## TASK
When the listing below reaches the line that has "Дневники BUROMAX –", start reproducing exactly; stop after the line that has "Navigation: Part II", and drop the pictures.

## LISTED RECORDS

# # # # # # #

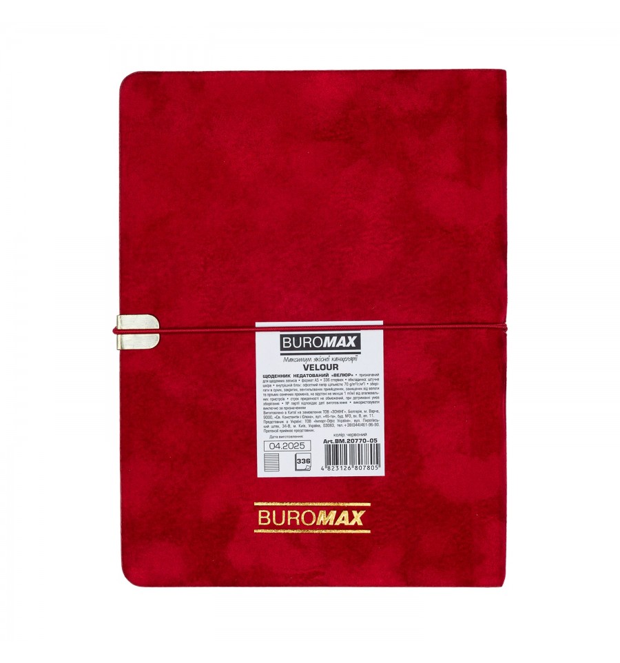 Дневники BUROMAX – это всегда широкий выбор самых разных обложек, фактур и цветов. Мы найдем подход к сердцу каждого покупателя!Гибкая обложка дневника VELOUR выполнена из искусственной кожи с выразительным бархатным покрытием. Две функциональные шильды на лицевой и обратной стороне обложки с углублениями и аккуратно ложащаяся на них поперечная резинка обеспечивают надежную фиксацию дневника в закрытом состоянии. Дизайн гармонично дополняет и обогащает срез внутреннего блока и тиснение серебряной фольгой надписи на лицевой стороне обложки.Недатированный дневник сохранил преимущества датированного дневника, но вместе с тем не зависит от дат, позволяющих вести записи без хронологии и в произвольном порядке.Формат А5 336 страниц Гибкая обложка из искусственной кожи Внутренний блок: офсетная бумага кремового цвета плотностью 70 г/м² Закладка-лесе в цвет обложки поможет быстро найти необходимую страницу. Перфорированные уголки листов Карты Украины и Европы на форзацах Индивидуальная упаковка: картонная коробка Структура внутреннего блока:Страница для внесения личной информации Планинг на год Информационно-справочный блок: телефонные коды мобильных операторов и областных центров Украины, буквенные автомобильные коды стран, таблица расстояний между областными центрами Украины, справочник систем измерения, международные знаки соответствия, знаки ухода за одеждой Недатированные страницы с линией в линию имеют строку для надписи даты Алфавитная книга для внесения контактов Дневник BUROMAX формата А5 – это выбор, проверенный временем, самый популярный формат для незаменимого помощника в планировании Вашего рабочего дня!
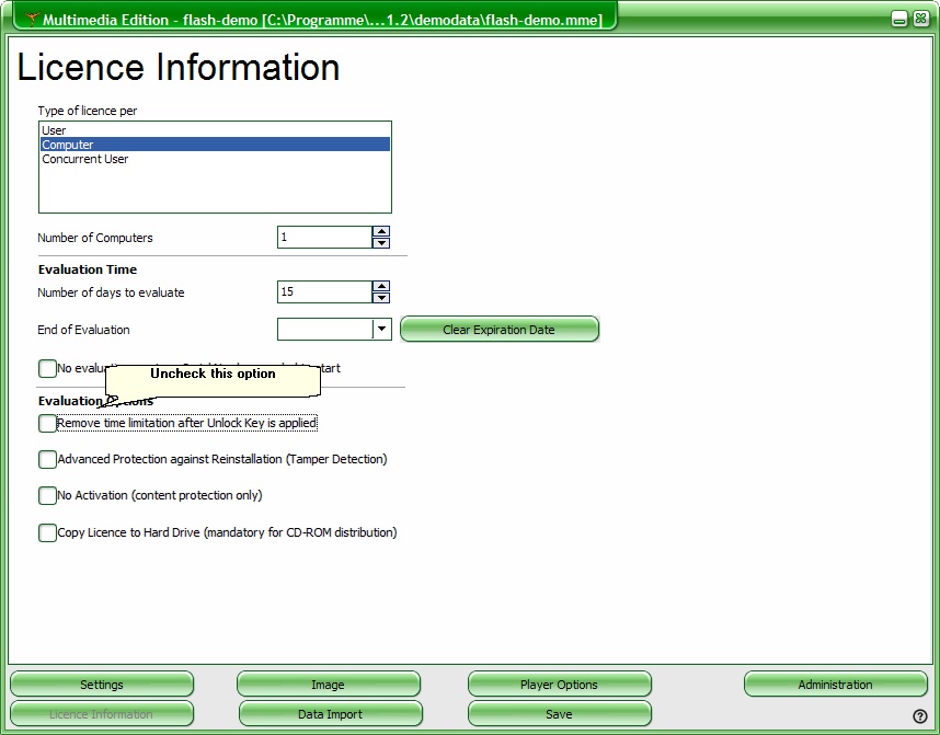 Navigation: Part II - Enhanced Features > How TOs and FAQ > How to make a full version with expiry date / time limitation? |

# # # # # # #

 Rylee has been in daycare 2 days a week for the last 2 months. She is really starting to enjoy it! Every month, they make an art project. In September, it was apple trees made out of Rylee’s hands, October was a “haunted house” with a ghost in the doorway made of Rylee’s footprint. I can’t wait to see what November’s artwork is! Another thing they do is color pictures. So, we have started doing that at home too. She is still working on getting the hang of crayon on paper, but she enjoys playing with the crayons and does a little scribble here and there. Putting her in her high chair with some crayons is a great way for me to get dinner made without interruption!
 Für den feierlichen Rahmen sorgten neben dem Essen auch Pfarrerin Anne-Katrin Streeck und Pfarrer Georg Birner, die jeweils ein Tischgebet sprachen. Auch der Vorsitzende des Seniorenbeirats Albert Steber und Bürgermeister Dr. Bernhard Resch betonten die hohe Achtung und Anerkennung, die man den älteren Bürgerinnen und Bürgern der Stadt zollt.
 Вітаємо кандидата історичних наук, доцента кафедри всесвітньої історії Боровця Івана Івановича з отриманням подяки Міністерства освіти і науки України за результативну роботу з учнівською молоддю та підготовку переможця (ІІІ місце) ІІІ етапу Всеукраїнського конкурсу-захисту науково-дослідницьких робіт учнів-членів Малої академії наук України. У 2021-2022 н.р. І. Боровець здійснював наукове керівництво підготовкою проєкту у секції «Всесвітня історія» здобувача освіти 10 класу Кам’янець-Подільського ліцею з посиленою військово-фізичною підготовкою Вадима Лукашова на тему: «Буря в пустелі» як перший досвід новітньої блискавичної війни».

# # # # # # #

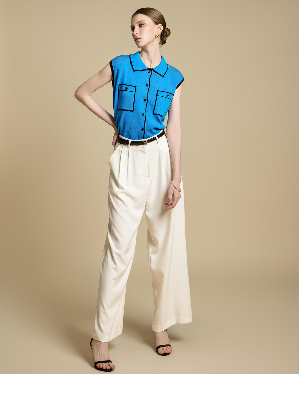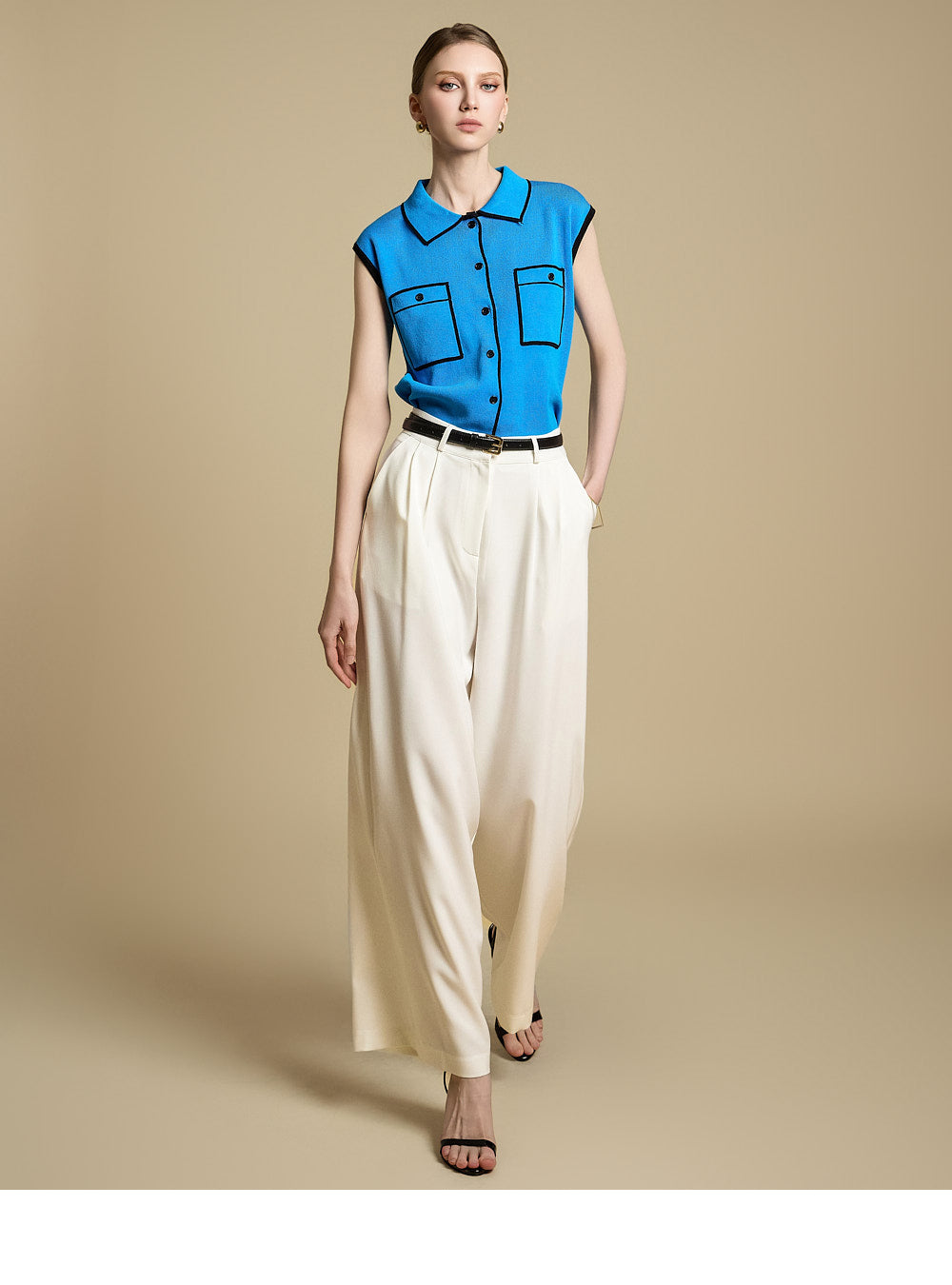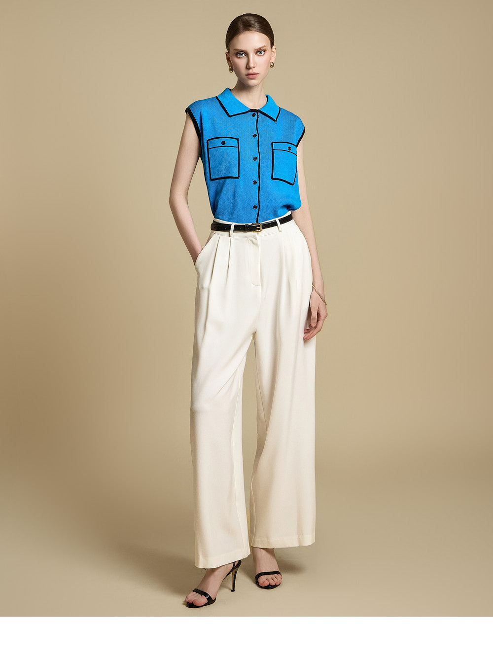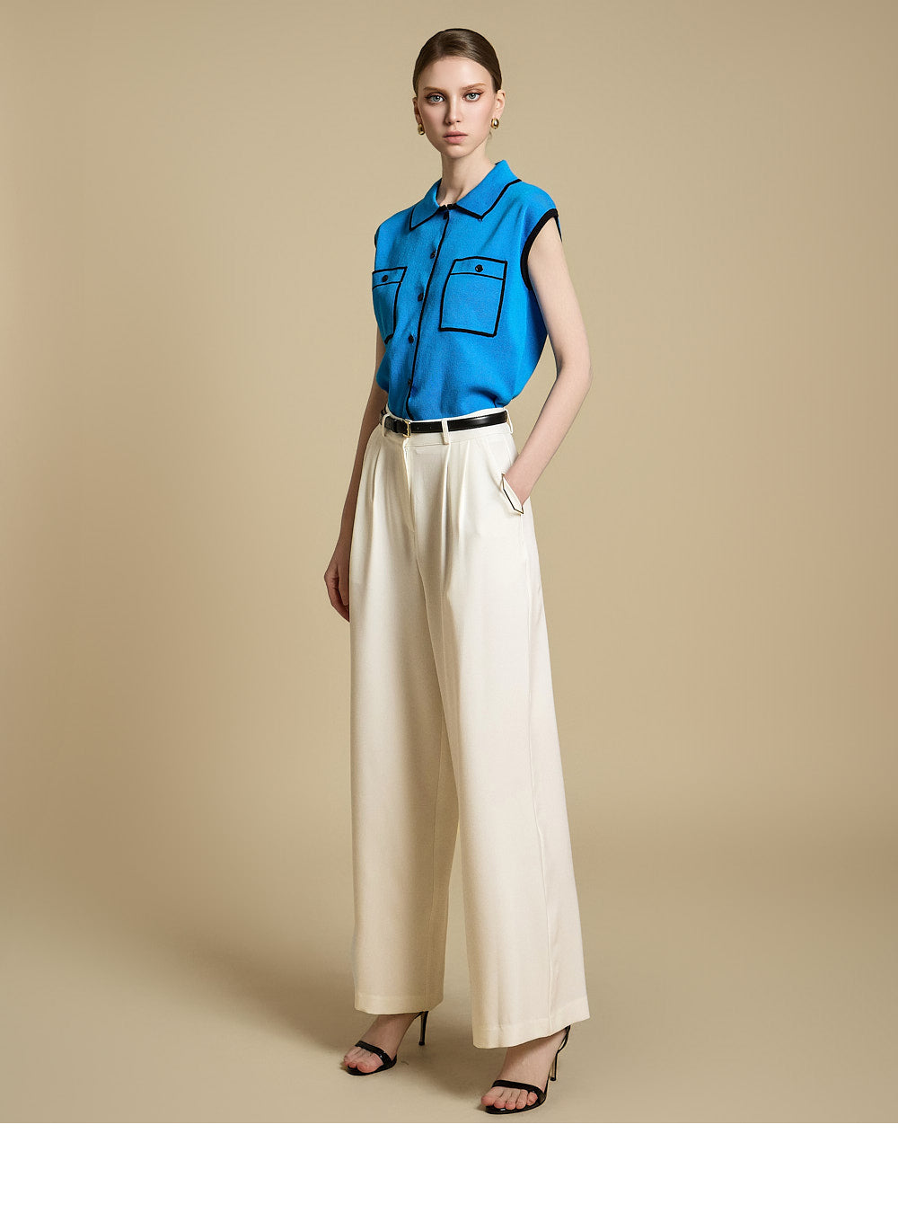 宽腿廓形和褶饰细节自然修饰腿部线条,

# # # # # # #

## ANSWER SECTION
 Дневники BUROMAX – это всегда широкий выбор самых разных обложек, фактур и цветов. Мы найдем подход к сердцу каждого покупателя!Гибкая обложка дневника VELOUR выполнена из искусственной кожи с выразительным бархатным покрытием. Две функциональные шильды на лицевой и обратной стороне обложки с углублениями и аккуратно ложащаяся на них поперечная резинка обеспечивают надежную фиксацию дневника в закрытом состоянии. Дизайн гармонично дополняет и обогащает срез внутреннего блока и тиснение серебряной фольгой надписи на лицевой стороне обложки.Недатированный дневник сохранил преимущества датированного дневника, но вместе с тем не зависит от дат, позволяющих вести записи без хронологии и в произвольном порядке.Формат А5 336 страниц Гибкая обложка из искусственной кожи Внутренний блок: офсетная бумага кремового цвета плотностью 70 г/м² Закладка-лесе в цвет обложки поможет быстро найти необходимую страницу. Перфорированные уголки листов Карты Украины и Европы на форзацах Индивидуальная упаковка: картонная коробка Структура внутреннего блока:Страница для внесения личной информации Планинг на год Информационно-справочный блок: телефонные коды мобильных операторов и областных центров Украины, буквенные автомобильные коды стран, таблица расстояний между областными центрами Украины, справочник систем измерения, международные знаки соответствия, знаки ухода за одеждой Недатированные страницы с линией в линию имеют строку для надписи даты Алфавитная книга для внесения контактов Дневник BUROMAX формата А5 – это выбор, проверенный временем, самый популярный формат для незаменимого помощника в планировании Вашего рабочего дня!
 Navigation: Part II - Enhanced Features > How TOs and FAQ > How to make a full version with expiry date / time limitation? |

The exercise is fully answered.